Unleashing your pent-up desire in one discounted frenzy, the sense is that you better not miss your chance to upgrade your kitchen knives or replace your comforter, because Lord only knows the next time the “sale” will be this good. A frenetic online treasure hunt ensues.

Competing bargains (or, more accurately, regular prices masquerading as bargains) parade through your browser—in inboxes, in popups, in your algorithmically brilliant social feeds. Tabs mushroom across the top of your screen; you become disoriented. Wait, where did the parka go? Didn’t I just have the parka pulled up? What color? Oh, that reminds me, I needed to order new gloves…but what material? Hm. More tabs!

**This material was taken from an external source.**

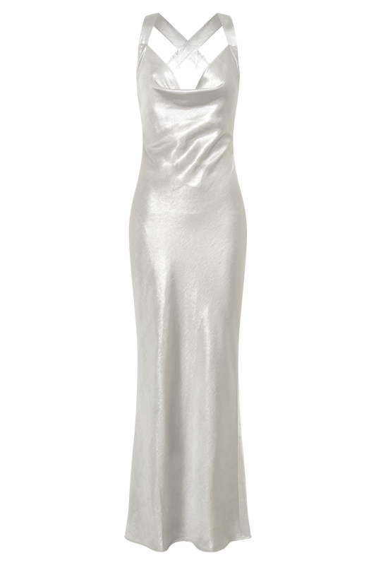 Satin Cowl Maxi Dress - Silver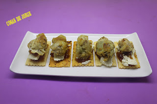Realmente las barritas de orégano son el doble de largas que las de la foto, pero aproveche las rotas, dejándolas a mitad de tamaño. Sobre cada media barrita colocamos una cucharadita de postre de mermelada. Sobre la mermelada colocamos una lonchita de queso fresco saladito. Sobre el queso colocamos otra cucharadita de mermelada y sobre esta la media alcachofa rebozada, sobrante de otra receta. Solo resta colocar nuestro aperitivo en una bandejita y servir. |

It reminds me of a scene in Stuart Little 2 that—because of the snort-laughs it elicited from my mom and dad in the theater—was embedded in my 2nd grade memory. “I still feel bloated,” Snowball the Cat complains aloud. He approaches his bowl and concludes: “Maybe more food will help.” This encapsulates my confusing, dopaminergic relationship with consumerism.

Our material desires do not sprout from spontaneous generation. Lists upon lists proliferate online with “ideas” for what to purchase; guides to the retail tsunami disguised as fun for the whole family. You don’t know what you want? they seem to say. Here, let us help!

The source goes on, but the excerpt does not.